After taking into account race, socioeconomic status, sex, age and ability, high school students from single-parent households were 1.7 times more likely to drop out than were their corresponding counterparts living with both biological parents.
Crime
72 percent of adolescent murderers grew up without fathers. 60 percent of America's rapists grew up the same way.
Only 13 percent of juvenile delinquents come from families in which the biological mother and father are married to each other. By contrast, 33 percent have parents who are either divorced or separated and 44 percent have parents who were never married.
Compared to boys from intact, two-parent families, teenage boys from disrupted families are not only more likely to be incarcerated for delinquent offenses, but also to manifest worse conduct while incarcerated.
70 percent of juveniles in state reform institutions grew up in single- or no-parent situations.
Where's Daddy?
In 1991, about 20 percent of preschool children were cared for by their fathers - both married and single. In 1988, the number was 15 percent.
Among fathers who maintain contact with their children after a divorce, the pattern of the relationship between father and child changes. They begin to behave more like relatives than like parents. Instead of helping with homework, nonresident dads are more likely to take the kids shopping, to the movies or out to dinner. Instead of providing steady advice and guidance, divorced fathers become "treat dads."
While 57 percent of unwed dads with kids no older than 2 visit their children more than once a week, by the time the kid's 7½, only 23 percent are in frequent contact with their children.
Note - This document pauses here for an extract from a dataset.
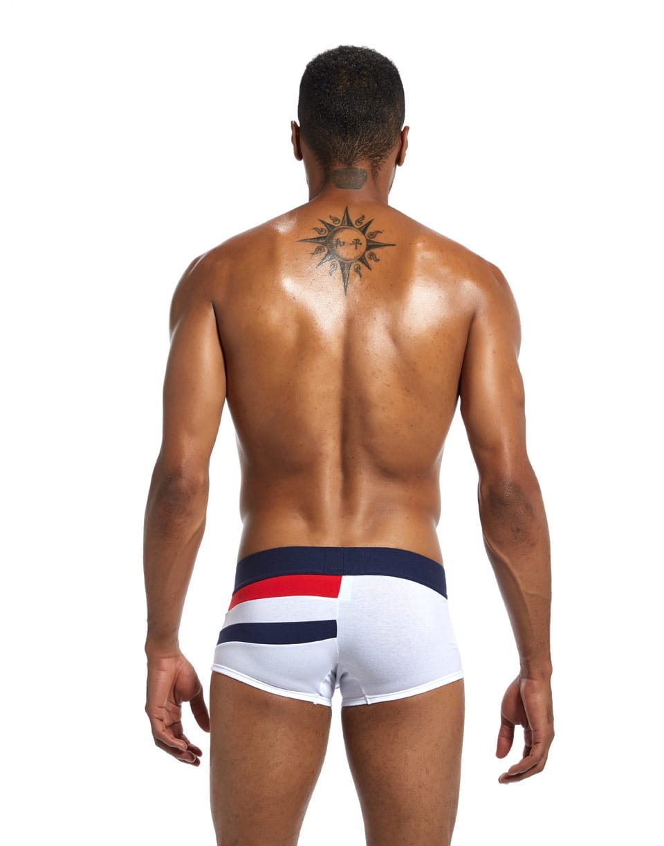 Męskie bawełniane bokserki to doskonałe połączenie klasycznego komfortu i nowoczesnego designu. Wykonane z wysokiej jakości bawełny w białym kolorze z kontrastowymi pasami w odcieniach czerwonego i granatowego, zapewniają wyjątkowy wygląd i naturalną wygodę noszenia. Klasyczna biała podstawa z charakterystycznymi kolorowymi pasami nadaje tym bokserkom sportowy, energiczny charakter, który doskonale komponuje się z aktywnym stylem życia. Naturalna bawełna najwyższej jakości została wybrana ze względu na swoje właściwości oddychające i delikatność w kontakcie ze skórą. Klasyczny krój bokserek z wygodną talią wykończoną elastyczną gumką i optymalną długością nogawek gwarantuje idealne dopasowanie i pełną swobodę ruchu.

About 40 percent of the kids living in fatherless homes haven't seen their dads in a year or more. Of the rest, only one in five sleeps even one night a month at the father's home. And only one in six sees their father once or more per week. According to a 1992 Gallup poll, more than 50 percent of all adults agreed that fathers today spend less time with their kids than their fathers did with them. Source: Gallup national random sample conducted for the National Center for Fathering, April 1992.
Overall, more than 75 percent of American children are at risk because of paternal deprivation. Even in two-parent homes, fewer than 25 percent of young boys and girls experience an average of at least one hour a day of relatively individualized contact with their fathers.
Of children age 5 to 14, 1.6 million return home to houses where there is no adult present.
Almost 20 percent of sixth- through twelfth-graders have not had a good conversation lasting for at least 10 minutes with at least one of their parents in more than a month.
A 1990 L.A. Times poll found that 57 percent of all fathers and 55 percent of all mothers feel guilty about not spending enough time with their children.
In 1965, parents on average spent approximately 30 hours a week with their kids. By 1985, the amount of time had fallen to 17 hours.